◆ Input:
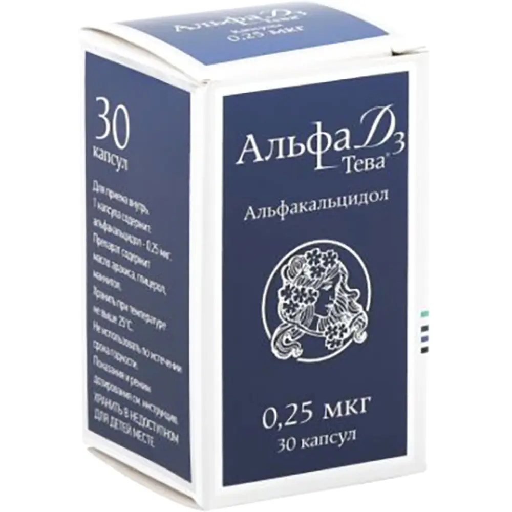 Альфа Д3 Тева капсулы 0.25мкг 30шт регулирует кальциево-фосфорный обмен, снижает концентрацию в крови гормона, производимого паращитовидными железами. Препарат укрепляет кости, уменьшая частотность трещин, переломов и других повреждений. Активный компонент альфакальцидол после полноценной терапии восстанавливает мышечный тон и волокна.Показания:- стеопороз;- остеодистрофия;- гипопаратиреоз;- рахит и недостаток витамина D;- синдром Фанкони.Таблетки усиливают минерализацию костей, снижая риск трещин в костях. При правильной дозировке у пациента значительно уменьшаются костные и мышечные боли, улучшается координация движений.
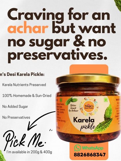 It all started with my maa’s cooking, that true ghar ka khaana (home food) vibe. Friends kept saying, 'Why not sell these pickles?' So, here we are—every jar is made by my mom, in our own kitchen, with her old-school Punjabi masalas. No machines, no shortcuts, just maa ke haath ka swaad (mom’s touch). It’s not just business, it’s sharing her love. Handmade, honest, and a bit nostalgic.
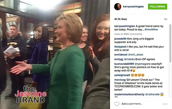 She stopped by and hung out for a little. It was a conversation. Kerry (Washington) poked her head in and said, ‘Do you think it would be okay if Hillary stopped by?’ And I was like, ‘Of course it’s okay if Hillary stops by.’ We have a really great relationship and she’s a really wonderful person.
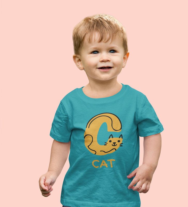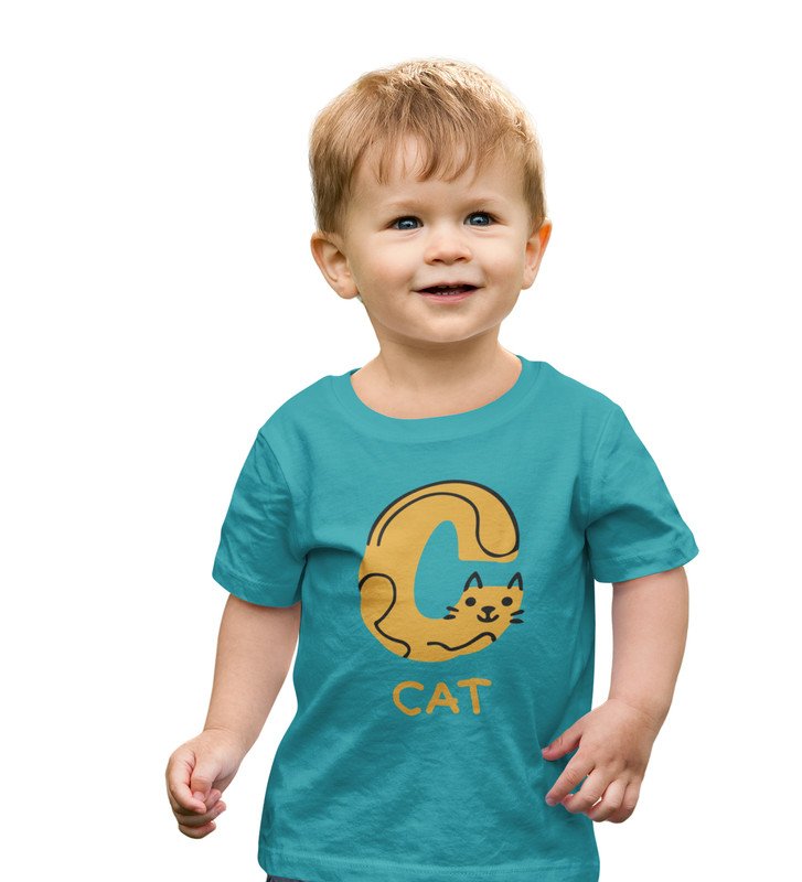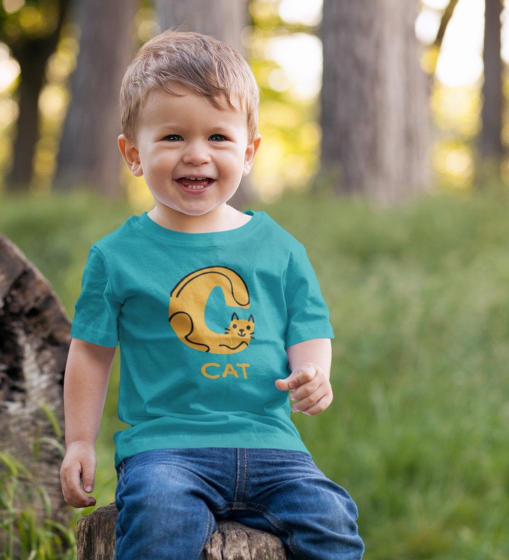 Cute cat, Boys Cotton Text Print tshirt (teal)
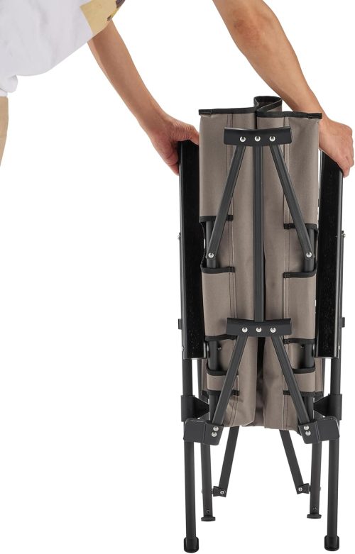 さらに、強度の高い600Dポリエステル素材とアルミ合金フレームを採用し、静止耐荷重200kgを実現。重量は約5.5kgで、片手で持ち運べます。キャンプ場でゆったりくつろぎたい方や、車内の限られたスペースを有効活用したい方におすすめのモデルです。
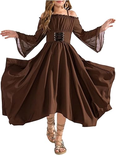 Verdusa Tween Girls Dress Ruffle Lace Up Corset Dress Flare Sleeve Asymmetrical Long Flowy Dresses
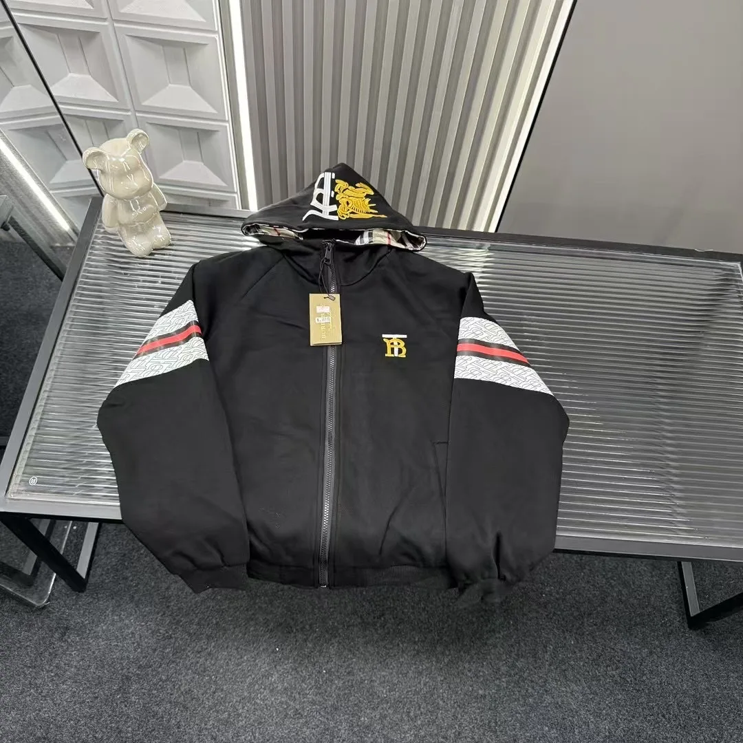 Empfohlene Oberbekleidung für den Frühherbst: Burberrys Kapuzenjacke mit gesticktem War Horse-Logo und Monogramm. Alle drei Logos sind identisch mit denen auf der offiziellen Website. Zoomen Sie hinein, um Details zu sehen. Foto mit der Originalkamera aufgenommen.
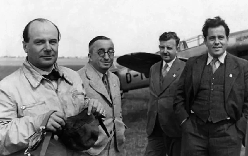 Легендарный герой Первой мировой войны, генерал Эрнст Удет (слева на переднем плане) и Эрнст Хейнкель с коллегами. На заднем плане самолёт-рекордсмен. Снимок сделан 07 июня 1938 года, на следующий день после рекордного полёта
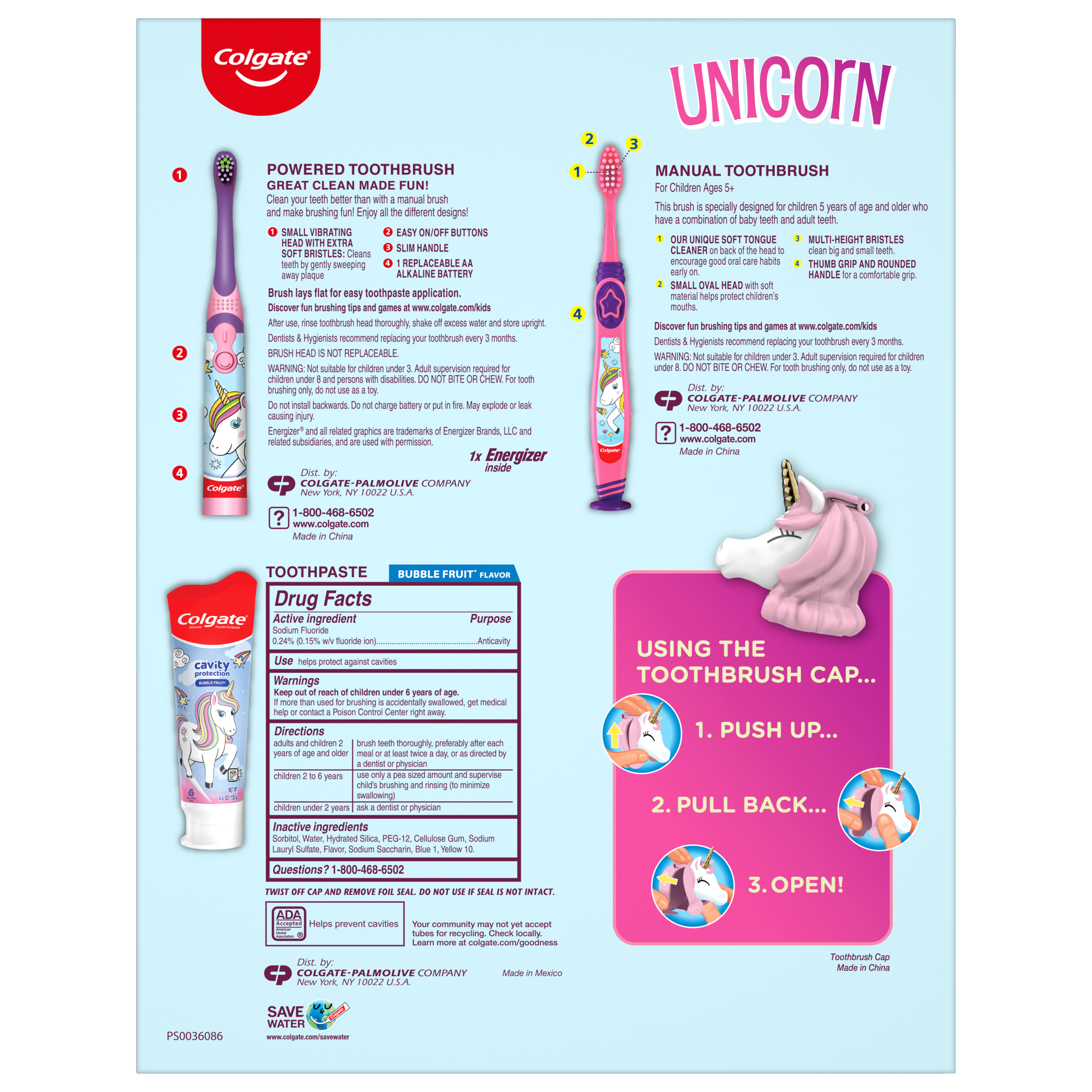 SKU 61024770 Consumer Unit - GTIN 00827854004356 Case - GTIN 10827854004353 Product Category Oral Care Product Sub Category Oral Care SUC Mixed Product Equity (Brand) Colgate Product Sub Brand Oral Care SBR Mixed Product Title Colgate Kids Toothbrush Set with Toothpaste, Unicorn Gift Set, 1 Manual Toothbrush, 1 Battery-Powered Toothbrush and 1 Toothpaste Product Description Colgate is making brushing brushtastic this holiday season. The Colgate Kids Toothbrush Set With Toothpaste encourages good brushing habits while pairing kids with some of their favorite characters. Each gift pack comes with a kids battery toothbrush, a kids manual toothbrush and a kids toothpaste with a fun toothbrush cap. Choose your favorite character and get brushing! Make teeth brushing fun for kids this holiday season. The Colgate kids toothbrush and toothpaste sets includes an ADA-accepted and clinically proven fluoride toothpaste to protect against cavities, reduce plaque buildup and fortify weak spots on enamel with regular brushing. Plus, its mild bubble fruit flavor tastes yummy while it works to freshen breath. Both Colgate Kids Toothbrushes have extra soft bristles that are gentle on delicate gums and growing teeth. The Colgate Kids Battery Toothbrush has a vibrating brush head to help kids brush better, while the manual toothbrush has a rounded handle and comfortable grip for when kids want to take the lead. Bright Smiles, Bright Futures®: At Colgate, we’re making kids toothbrushes more fun because we know the power of a healthy smile. Our children’s oral health initiative, Bright Smiles, Bright Futures®, has impacted the lives of more than a billion children by providing free oral health education and dental care in over 80 countries. As the world leader in oral care, Colgate is committed to improving children's oral health around the world. eCommerce Copy- Long Description Colgate Kids Toothbrush Set With Toothpaste, Unicorn Gift Set, 1 Manual Toothbrush, one Powered Toothbrush and one Toothpaste Colgate is making brushing brushtastic this holiday season. The Colgate Kids Toothbrush Set With Toothpaste encourages good brushing habits while pairing kids with some of their favorite characters. Each gift pack comes with a kids battery toothbrush, a kids manual toothbrush and a kids toothpaste with a fun toothbrush cap. Choose your favorite character and get brushing! Kids Brushing Made Fun This Holiday Season Make teeth brushing fun for kids this holiday season. The Colgate kids toothbrush and toothpaste sets includes an ADA-accepted and clinically proven fluoride toothpaste to protect against cavities, reduce plaque buildup and fortify weak spots on enamel with regular brushing. Plus, its mild bubble fruit flavor tastes yummy while it works to freshen breath. Both Colgate Kids Toothbrushes have extra soft bristles that are gentle on delicate gums and growing teeth. The Colgate Kids Battery Toothbrush has a vibrating brush head to help kids brush better, while the manual toothbrush has a rounded handle and comfortable grip for when kids want to take the lead. Healthy Smiles With Colgate Bright Smiles, Bright Futures®: At Colgate, we’re making kids toothbrushes more fun because we know the power of a healthy smile. Our children’s oral health initiative, Bright Smiles, Bright Futures®, has impacted the lives of more than a billion children by providing free oral health education and dental care in over 80 countries. As the world leader in oral care, Colgate is committed to improving children's oral health around the world. Bullet 1 Each gift pack comes with a kids battery toothbrush, a kids manual toothbrush and a kids toothpaste with a fun toothbrush cap Bullet 2 The included kids toothbrushes have extra soft bristles that sweep away plaque and clean cavity-causing bacteria from tooth surfaces Bullet 3 The Colgate Kids Battery Toothbrush has a vibrating brush head while the manual toothbrush has a rounded handle and comfortable grip for when kids want to take the lead Bullet 4 Kids battery toothbrush is battery operated to help kids brush better (1 AA battery included) Bullet 5 The kids cavity protection toothpaste with fluoride has a gentle formula that’s ADA-accepted and clinically proven to protect against cavities. Bullet 6 A mild bubble fruit flavor in the toothpaste tastes yummy while it works to freshen breath Bullet 7 Give the gift of Colgate Kids and encourage good brushing habits with this special Pokemon toothpaste and toothbrush set
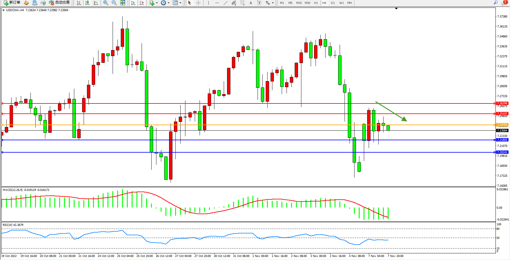 美元兑人民币维持7.23004附近震荡,中国10月以美元计算出口年率 -0.3%,预期4.50%,前值5.70%。海关总署:今年前10个月我国外贸进出口总值同比增长9.5%,外贸继续保持平稳运行。
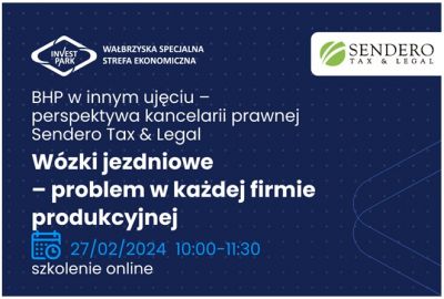 Wałbrzyska Specjalna Strefa Ekonomiczna "INVEST-PARK" wspólnie z Kancelarią Sendero Tax & Legal zaprasza na webinarium Wózki jezdniowe – problem w każdej firmie produkcyjnej, które odbędzie się 27 lutego 2024 r. w godzinach 10:00 - 11:30.
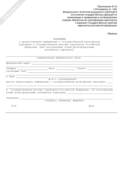 - 1904Заявление о предоставлении информации о государственной регистрации аэропорта в Государственном реестре аэропортов Российской Федерации (или изготовлении копий регистрационных документов аэропорта)
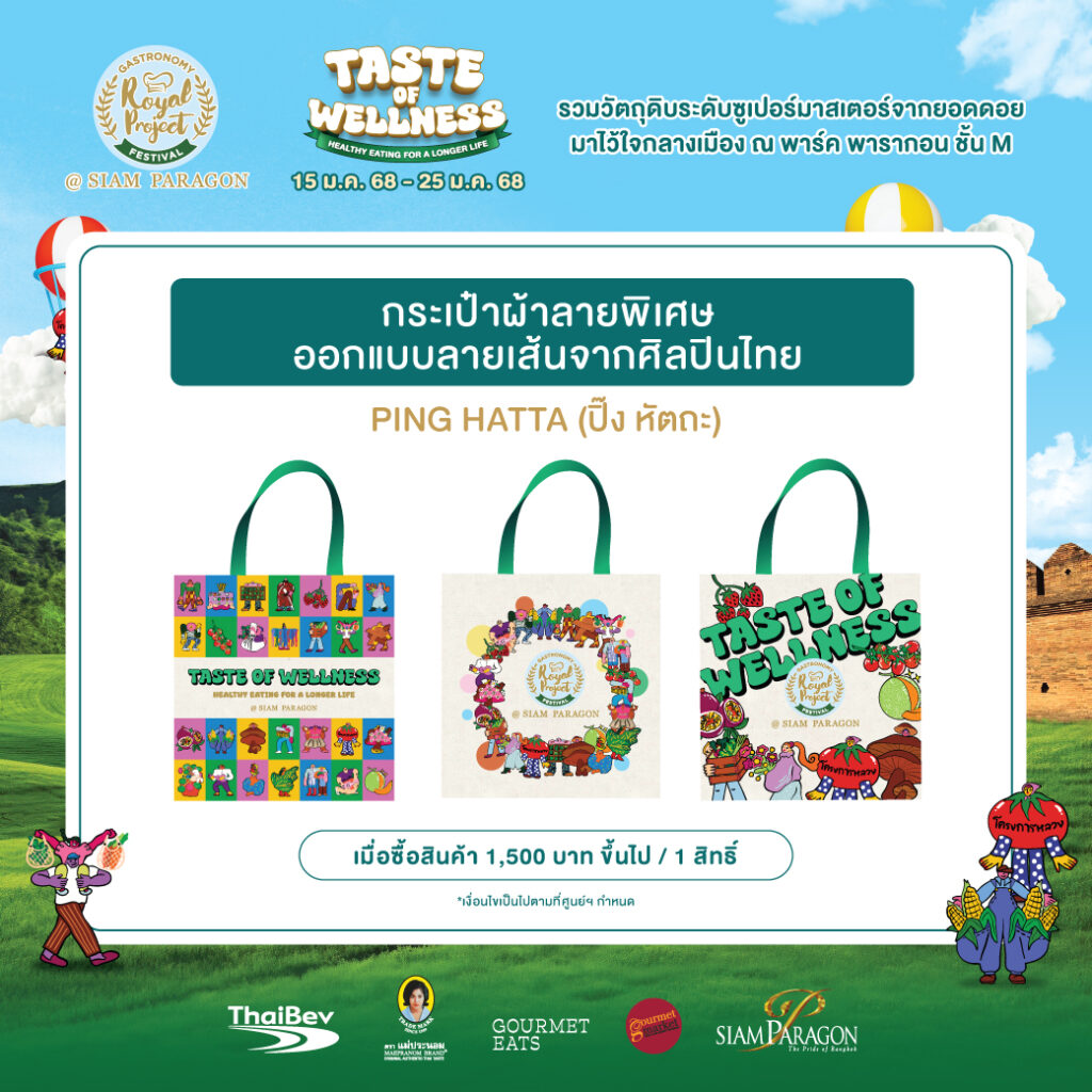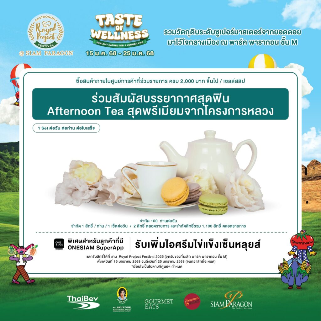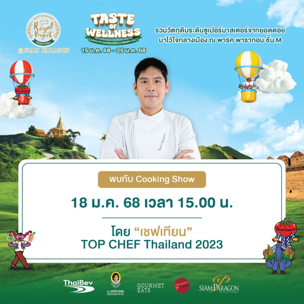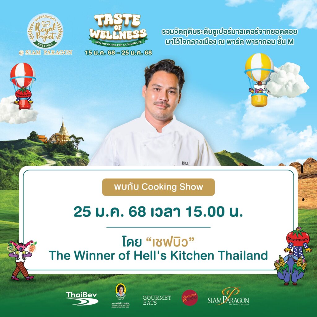 มูลนิธิโครงการหลวง ร่วมกับ สยามพารากอน, กูร์เมต์ มาร์เก็ต, บ.ไทยเบฟเวอเรจ จก. (มหาชน) และ บ.พิบูลย์ชัยน้ำพริกเผาไทยแม่ประนอม จก. เชิญร่วมงาน “Royal Project Gastronomy Festival 2025 @ Siam Paragon” ชวนคุณมาสร้างเสริมสุขภาพผ่านอาหาร ภายใต้คอนเซ็ปต์ Taste of Wellness: Healthy Eating for a Longer Life อาหารดี สุขภาพดี ปลุกพลังชีวีให้ยืนยาว ระหว่างวันที่ 15 – 25 มกราคม 2568 ณ พาร์ค พารากอน ชั้น M และ กูร์เมต์ มาร์เก็ต ชั้น G

◆ Requirement: The answer should contain only the lines from the start of the records above through the line with "さらに、強度の高い600Dポ", copied exactly, and no pictures.

◆ Worked solution:
 Альфа Д3 Тева капсулы 0.25мкг 30шт регулирует кальциево-фосфорный обмен, снижает концентрацию в крови гормона, производимого паращитовидными железами. Препарат укрепляет кости, уменьшая частотность трещин, переломов и других повреждений. Активный компонент альфакальцидол после полноценной терапии восстанавливает мышечный тон и волокна.Показания:- стеопороз;- остеодистрофия;- гипопаратиреоз;- рахит и недостаток витамина D;- синдром Фанкони.Таблетки усиливают минерализацию костей, снижая риск трещин в костях. При правильной дозировке у пациента значительно уменьшаются костные и мышечные боли, улучшается координация движений.
 It all started with my maa’s cooking, that true ghar ka khaana (home food) vibe. Friends kept saying, 'Why not sell these pickles?' So, here we are—every jar is made by my mom, in our own kitchen, with her old-school Punjabi masalas. No machines, no shortcuts, just maa ke haath ka swaad (mom’s touch). It’s not just business, it’s sharing her love. Handmade, honest, and a bit nostalgic.
 She stopped by and hung out for a little. It was a conversation. Kerry (Washington) poked her head in and said, ‘Do you think it would be okay if Hillary stopped by?’ And I was like, ‘Of course it’s okay if Hillary stops by.’ We have a really great relationship and she’s a really wonderful person.
 Cute cat, Boys Cotton Text Print tshirt (teal)
 さらに、強度の高い600Dポリエステル素材とアルミ合金フレームを採用し、静止耐荷重200kgを実現。重量は約5.5kgで、片手で持ち運べます。キャンプ場でゆったりくつろぎたい方や、車内の限られたスペースを有効活用したい方におすすめのモデルです。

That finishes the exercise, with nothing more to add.